Meiner Ansicht nach ist sein Verhalten allerdings völlig legitim. Was er auf dem Fußballplatz wie leistet, geht mich nichts an, da ich leider wegen des Dauerföhns hier am Fuße der Alpen den Berliner Sender des ZDF nicht hereinbekomme. Aber anscheinend ist er einer der besten Spieler in diesem merkwürdigen Verein, ob mit oder ohne drehende Substanz, die in den austrainierten Adern seiner edlen SpielerInnenbeinen pocht. Ich schlage vor, dem Rat des Pagellantopoulos nachzukommen, und Ihn einfach ethnobotanisch-pharmaceutisch zu testen. Dann wissen wir mehr und können dann gleich einen neuen Skandal auf den Tisch zimmern, falls er eine noch unentdeckte natürliche Substanz einsetzen sollte, was ich persönlich allerdings nicht glaube, denn sein ungeheuer unbescholtener Leumund hat sich schon bis hierher an die Ufer der Isar ausgebreitet.

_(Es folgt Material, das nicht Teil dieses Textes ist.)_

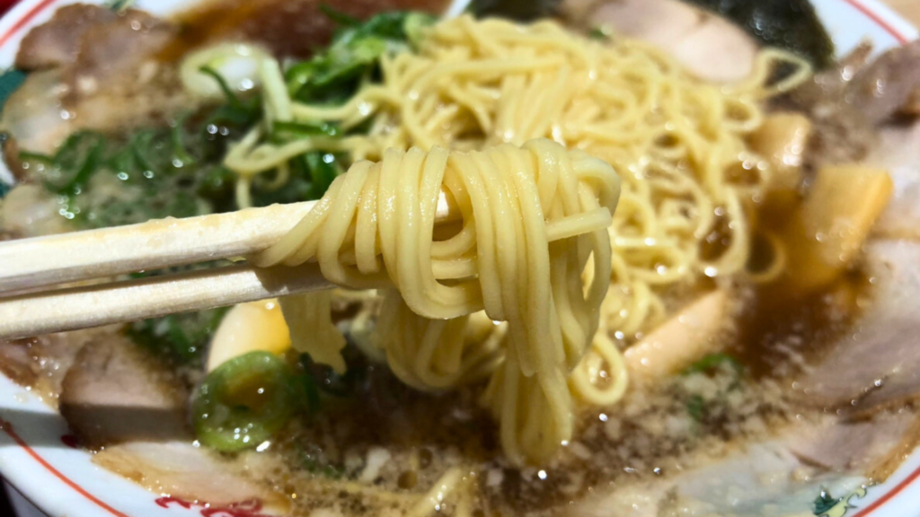 コシのある中細ストレート麺、熟成醤油ダレでじっくり煮込んだ薄切りの特製チャーシューが特徴。
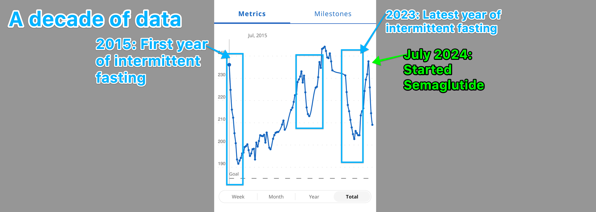 I've tried many strategies to feel like I'm in control of my body and achieve a target weight, from rowing 1,000,000 meters in 8 months to fasting every other day in 2023, being in ketosis for 2 years in 2017 (and going down the exogenous ketones rabbit hole)... even starting an intermittent fasting journey a decade ago in 2014.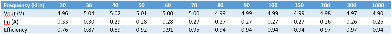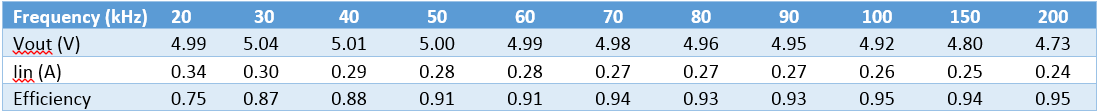 The circuit performed as expected. We input a voltage of 10 V, gave the half-bridge a 50% duty cycle, and the output voltage stayed at approximately 5 V. Below are the measured efficiencies and pictures from the circuit in operation. The efficiencies are slightly inaccurate because we couldn't get a good current reading at the input, but they are close.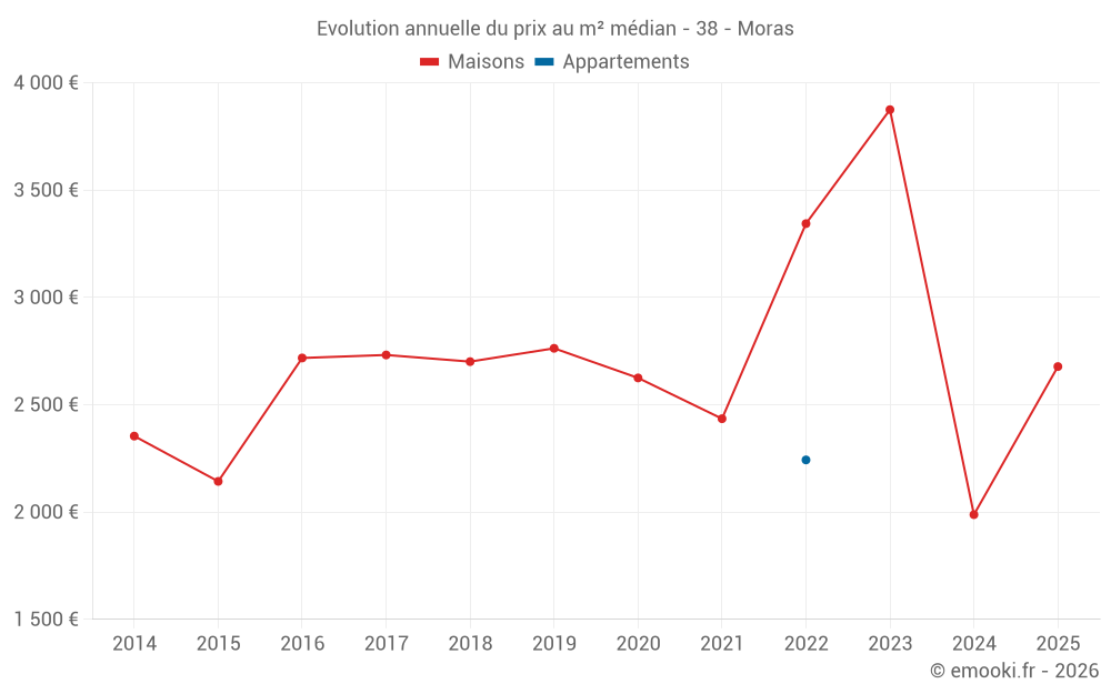 Carte des prix de l'immobilier dans la commune de Moras, choississez une section pour voir les transactions par parcelle.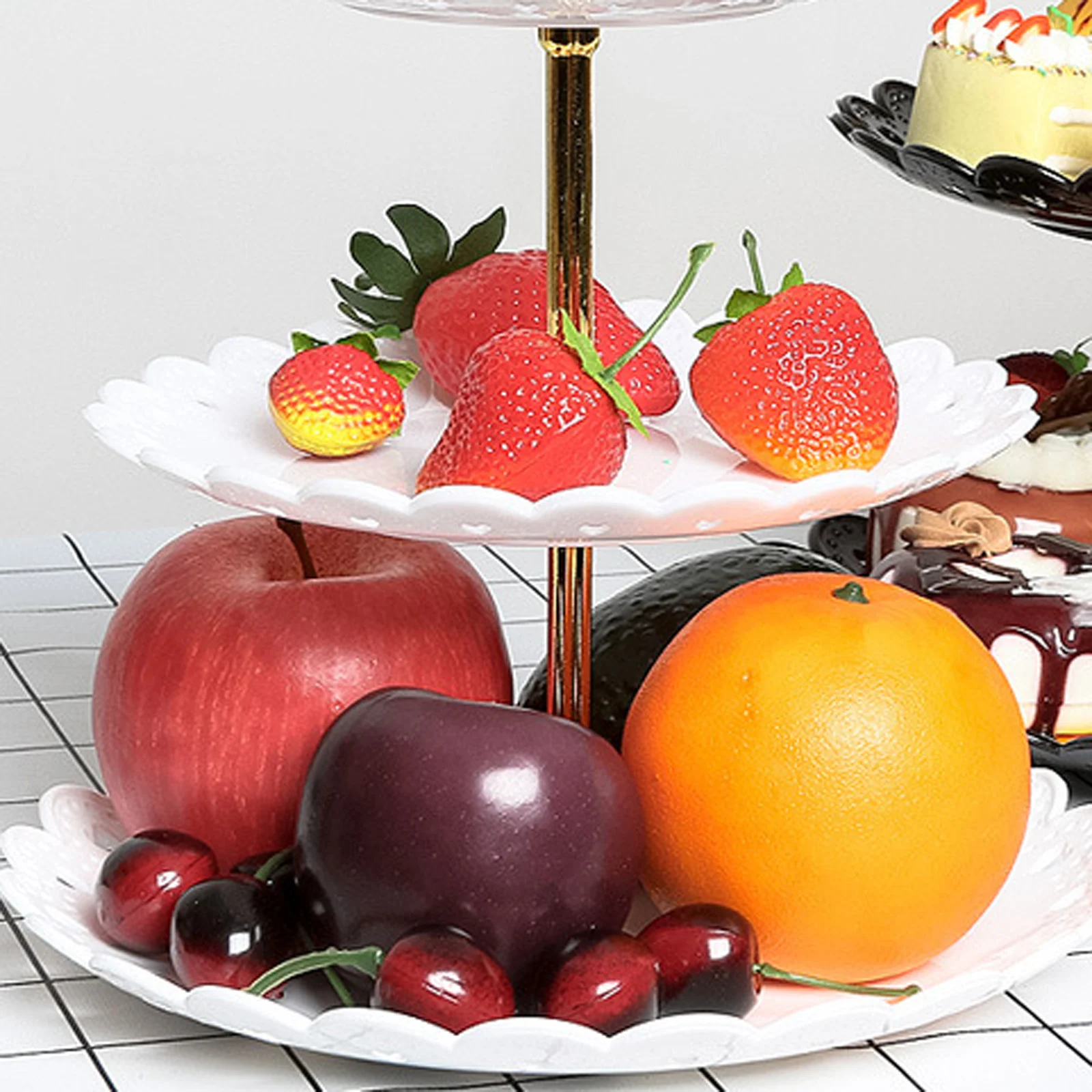 3-слойная подставка для торта с тарелкой десерт фрукты овощи Макаро...

Beste Grüße zu den Saupreißen sendet
ein anonym bleibender Münchner im Siebenten Himmel schwebend über der Theresienwies'n, freudetrunken in den Armen einer bronzenen, löwenpelztragenden Bavaria liegend. Ein wahres Prachtsbronzenweib, das vom Scheitel bis zur Sohle deutlich mehr als 28 Meter misst.
Da könnte Ihr Euch Eure aufgeblasene Goldelse, die da über dem Benzingestank am Großen Stern kauert, sonstwohin applizieren!